• Task item
Once the pictures have been removed, repeat the remainder of the records exactly.

───── Working data ─────

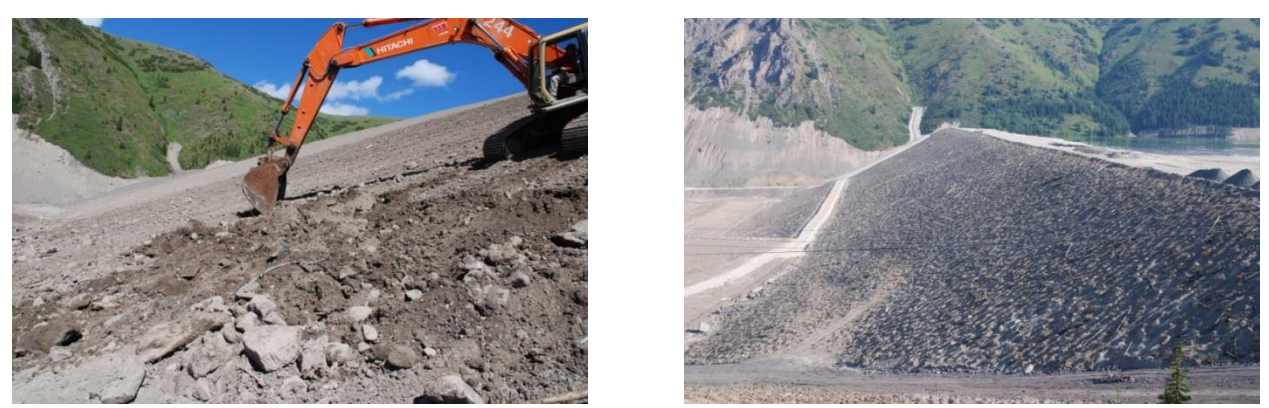
Photograph 1 (left) and 2 (right). Rough and loose surface configurations can be made using an excavator on slopes up to 2:1 or 26°. Large areas can be treated for a cost of about $700/ha.

Rough and loose surface treatments can be used in confined areas as well as in large open areas (Photograph 3). These treatments are ideal for recovering hydrologic integrity on resource access roads and where unauthorized access by motor vehicles ("quads" and "dirt bikes") is causing ecological degradation. The rough and loose treatments can be used on coarse textured substrates and can be applied in areas where potentially droughty conditions dictates that planting be conducted on north facing slopes (Photograph 4).
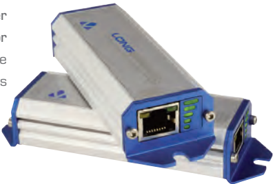
Example 2. Smart LED display shows SafeView™ technology.

NOTES: Range is for typical 24AWG Cat 5e or 23AWG Cat 6, 4-pair UTP | For other cables types, or any installations over 600 metres length, consult Veracity for recommendations or test on site | Distances may be increased by connecting multiple links in series | Data rate at full range stated: 100Base-T=200Mbps, 10Base-T=20Mbps
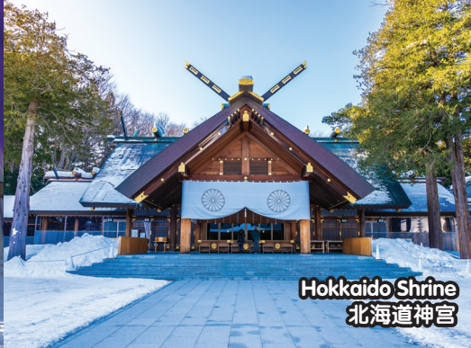
Hokkaido Shrine 北海道神宫
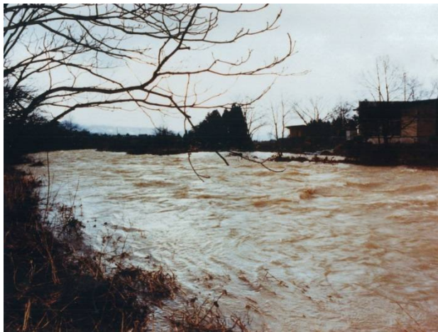
出水時の状況 (H元. 8. 6 (台風13号))
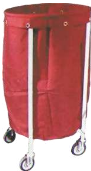
743 Soiled Linen Trolley With Canvas Bag
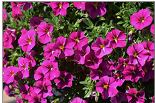
Cabaret Pink Star Calibrachoa flowers
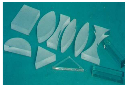
OPTICAL KIT PERSPEX LENS, SLAB, TRIANGLE
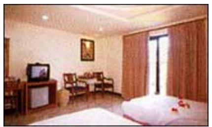
The New Wing
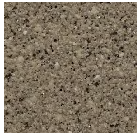
30160 Chimney Hill
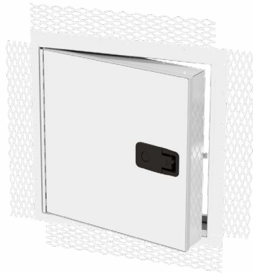
XTEA with Standard Latch

Select this exterior access panel design with energy efficiency in mind. 2 inches of polyisocyanurate provides an R-value of 13, and dual layered gasketing provides the weather-resistance you need. Door opens to 170°.
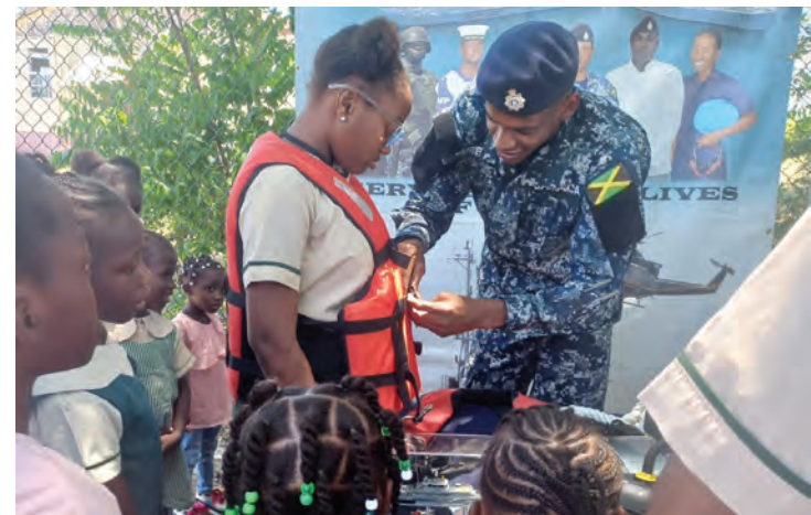
A service member from the First District, Jamaica Defence Force Coast Guard, fits a life vests on a student, during Girls' Day activities at Old Pera Primary School in St. Thomas.
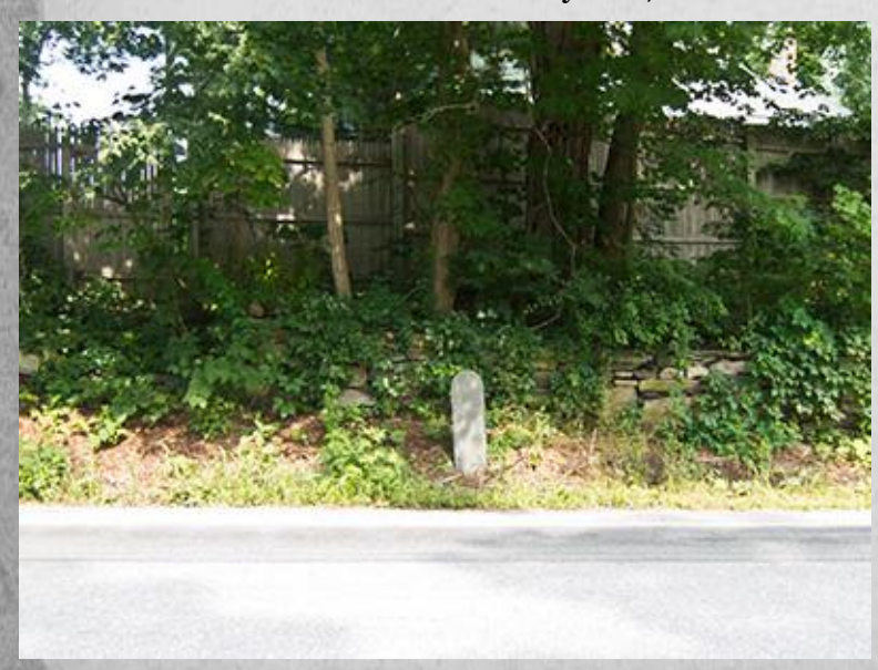
View of the stone from across the road. July 2017.
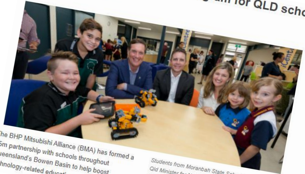
The BHP Mitsubishi Alliance (BMA) has formed a $5m partnership with schools throughout Queensland's Bowen Basin to help boost technology-related education.
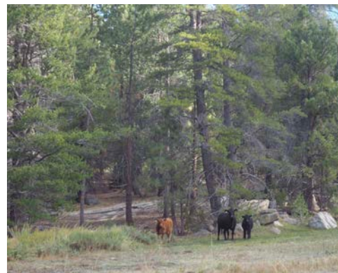
Cattle are present in Horse Meadow (pictured) and in other meadows throughout the Sierra Nevada throughout the summer months.

I was ecstatic to get out in the field this summer. It was such a joy to spend time in green meadows, next to lush streams, and among the Jeffrey pines. While
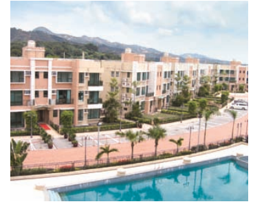
Deep Bay Grove
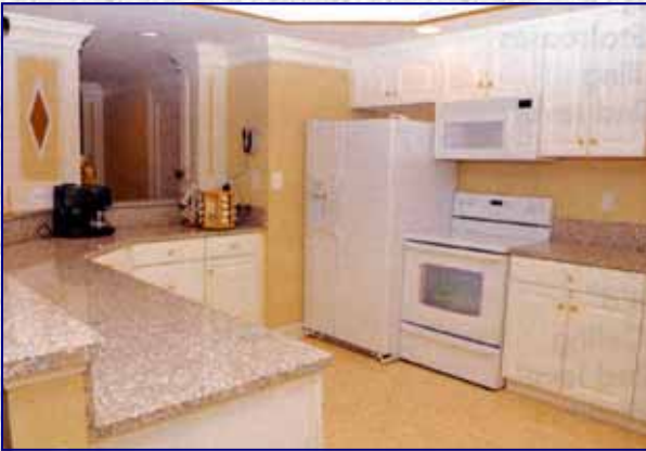
2nd Kitchen w/Bar
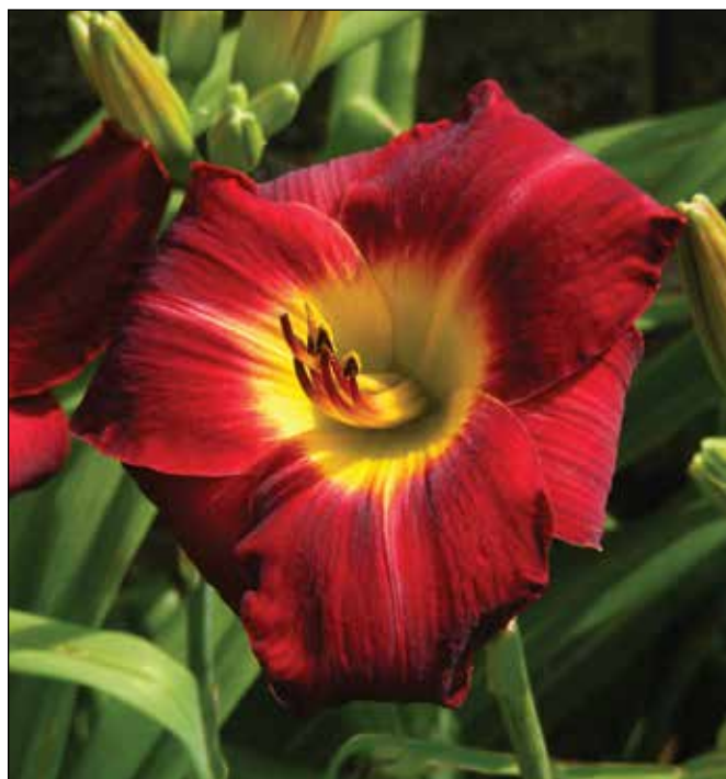
H. 'Gato' (Durio 1981)

─────

• Exercise answer
Photograph 1 (left) and 2 (right). Rough and loose surface configurations can be made using an excavator on slopes up to 2:1 or 26°. Large areas can be treated for a cost of about $700/ha.

Rough and loose surface treatments can be used in confined areas as well as in large open areas (Photograph 3). These treatments are ideal for recovering hydrologic integrity on resource access roads and where unauthorized access by motor vehicles ("quads" and "dirt bikes") is causing ecological degradation. The rough and loose treatments can be used on coarse textured substrates and can be applied in areas where potentially droughty conditions dictates that planting be conducted on north facing slopes (Photograph 4).
Example 2. Smart LED display shows SafeView™ technology.

NOTES: Range is for typical 24AWG Cat 5e or 23AWG Cat 6, 4-pair UTP | For other cables types, or any installations over 600 metres length, consult Veracity for recommendations or test on site | Distances may be increased by connecting multiple links in series | Data rate at full range stated: 100Base-T=200Mbps, 10Base-T=20Mbps
Hokkaido Shrine 北海道神宫
出水時の状況 (H元. 8. 6 (台風13号))
743 Soiled Linen Trolley With Canvas Bag
Cabaret Pink Star Calibrachoa flowers
OPTICAL KIT PERSPEX LENS, SLAB, TRIANGLE
The New Wing
30160 Chimney Hill
XTEA with Standard Latch

Select this exterior access panel design with energy efficiency in mind. 2 inches of polyisocyanurate provides an R-value of 13, and dual layered gasketing provides the weather-resistance you need. Door opens to 170°.
A service member from the First District, Jamaica Defence Force Coast Guard, fits a life vests on a student, during Girls' Day activities at Old Pera Primary School in St. Thomas.
View of the stone from across the road. July 2017.
The BHP Mitsubishi Alliance (BMA) has formed a $5m partnership with schools throughout Queensland's Bowen Basin to help boost technology-related education.
Cattle are present in Horse Meadow (pictured) and in other meadows throughout the Sierra Nevada throughout the summer months.

I was ecstatic to get out in the field this summer. It was such a joy to spend time in green meadows, next to lush streams, and among the Jeffrey pines. While
Deep Bay Grove
2nd Kitchen w/Bar
H. 'Gato' (Durio 1981)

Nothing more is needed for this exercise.